Deploying a Wildcard certificate for the domain the NetOps Portal server is configured in, but Console doesn't start and HTTP 400 SNI errors are observed in the PCService.log.

Configuring SSL using SslConfig works fine for self-signed cert and the console starts. But when using the wild-card certificate issued by a Certificate Authority (CA), it doesn't allow the console to start and doesn't throw an error to suggest the certificate is invalid. However, the following bad padding exception is generated in the PCService.log:

INFO | jvm 1  | 2024/09/24 01:01:52 | ERROR | WrapperSimpleAppMain     | 2024-09-24 01:01:52,662 | com.ca.im.security.Encryption                                    
INFO | jvm 1  | 2024/09/24 01:01:52 |       | Error performing encryption operation
INFO | jvm 1  | 2024/09/24 01:01:52 | javax.crypto.BadPaddingException: Error closing stream: 
INFO | jvm 1  | 2024/09/24 01:01:52 |       at org.bouncycastle.jcajce.provider.BaseCipher.engineDoFinal(Unknown Source) ~[bc-fips-1.0.2.3.jar:1.0.2.3]

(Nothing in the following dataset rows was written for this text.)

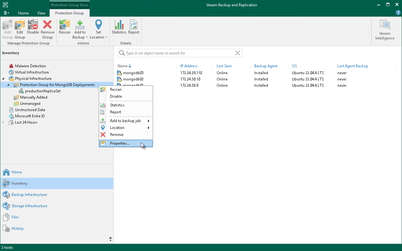 - In the inventory pane, select the protection group that you want to edit and click Edit Group on the ribbon or right-click the protection group that you want to edit and select Properties.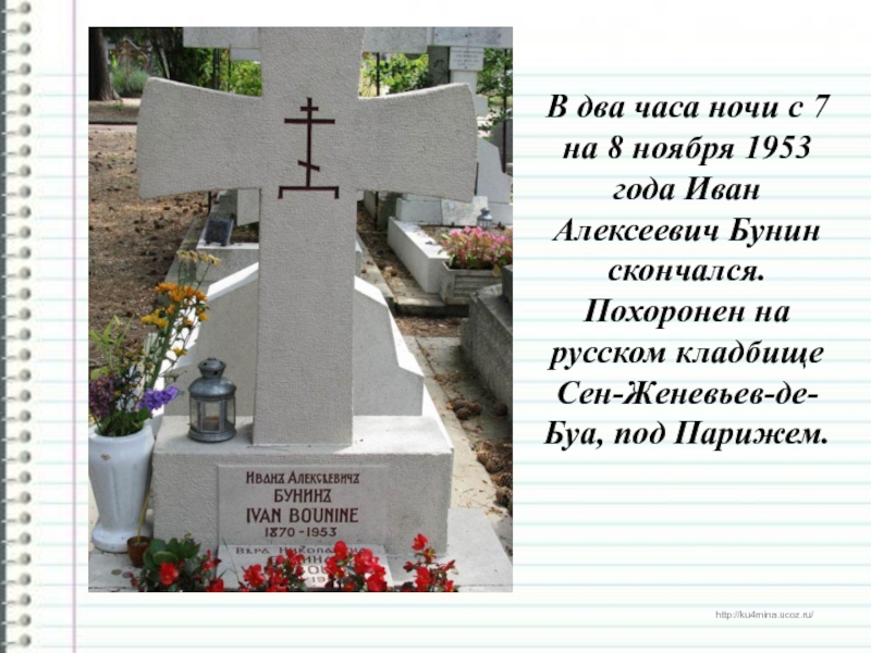 года Иван Алексеевич Бунин скончался. Похоронен на русском кладбище Сен-Женевьев-де-Буа,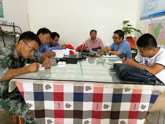 回到項目部后,組織召開了項目技術會,總工辦主任涂宏對項目化探記錄相關表格、探槽素描圖、野外地質記錄本等各類原始資料進行了詳細檢查。要求項目組人員要按照省基金辦的規范標準對項目實施過程中原始資料進行綜合整理。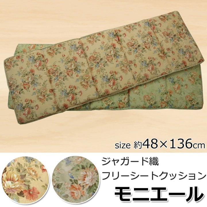 エレガンス柄のクッションです。人気の柄で洋室にもぴったりの商品です。表地にはジャガード織の生地を使用しているため繊細な柄と上品な風合いが特徴の商品です。国内で綿入れ加工をしているため程よいクッション性があります。ベンチタイプの椅子にぴったりの商品です。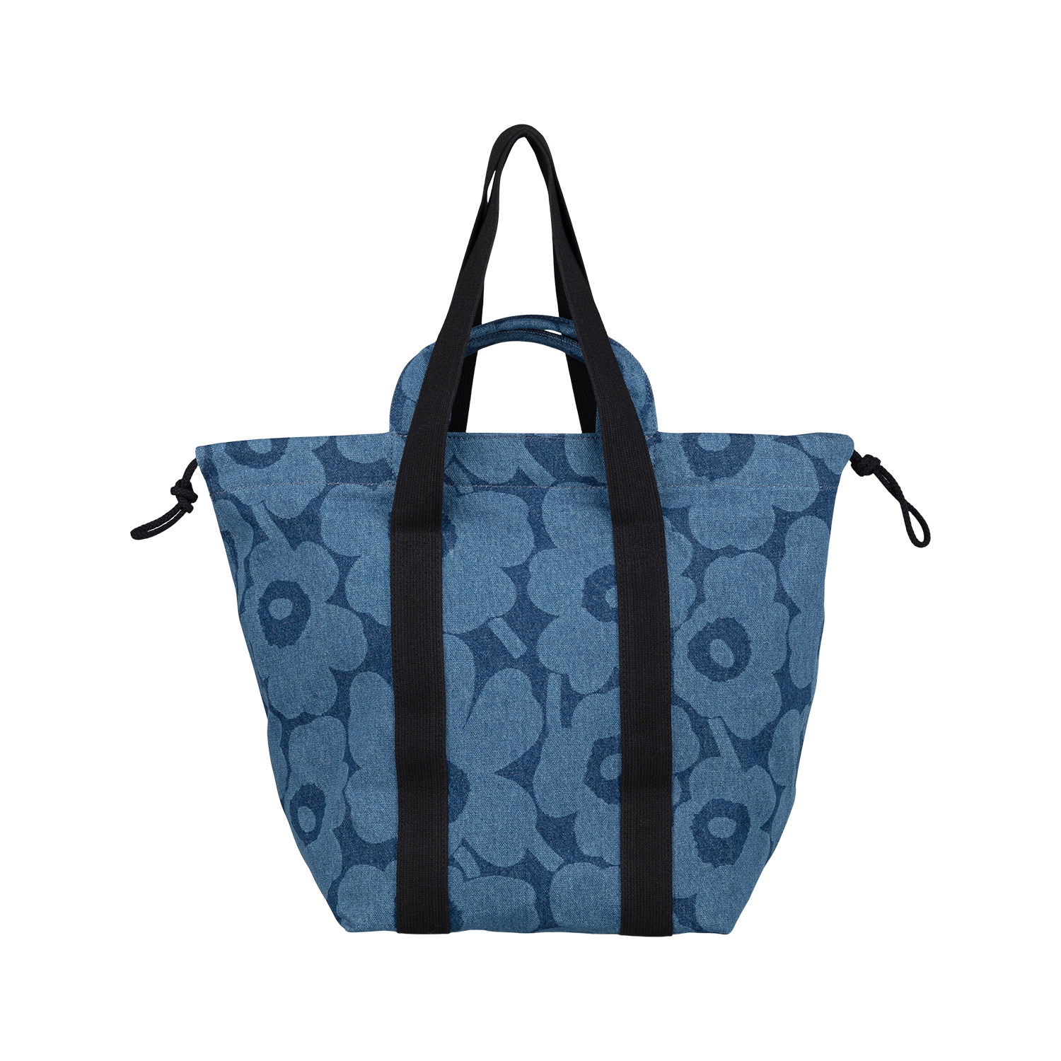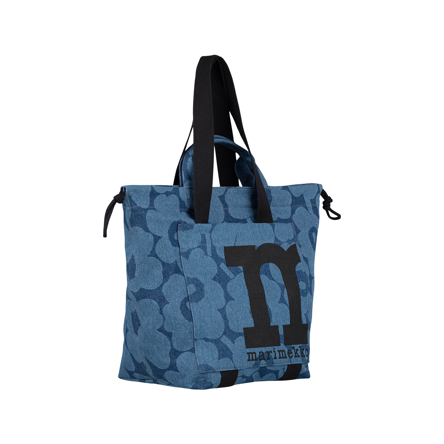 A bold, denim-forward take on Marimekko’s most iconic pattern defines the Unikko Mono City Tote. Crafted from sturdy cotton denim with organic and recycled fibers, this bag balances relaxed structure with everyday durability. The oversized Unikko print in rich indigo gives it a graphic presence, while the large exterior pocket with the signature Marimekko “M” adds both function and visual impact. Short and long handles offer flexible carry, and adjustable side drawstrings let you customize the silhouette. Spacious, practical, and unmistakably Marimekko, this tote is designed for busy days that call for style with substance.

DX NetOps CAPM all currently supported releases

The EM DB doesn't have the https changes. And in DM logs, there's the following:

INFO | jvm 1 | 2024/09/10 11:36:23 | 2024-09-10 11:36:23.792:WARN:oejs.HttpChannel:qtp1506660594-20: handleException /dm/rib/ org.eclipse.jetty.http.BadMessageException: 400: Invalid SNI

When looking at the dm.properties, it has the following:

pc.url=https://netops-portal:8182/pc/center/

This needs to be FQHN, even when using wildcards.

Same issue in em.properties:

dm.url=https://netops-portal:8482/dm/
# Default EM URL
em.url=https://netops-portal:8282/EventManager/

and in Console portal.console.properties:

dm.url=https://netops-portal:8482/dm/
em.url=https://netops-portal:8282/EventManager/

When entering the details in setting up SSL using SslConfig, If FQHN is not asked for, then the OS is not returning FQHN when the setup requests it, and thus we get the short name and use it in these properties files. Hence, the inter-service communication is giving SNI issues.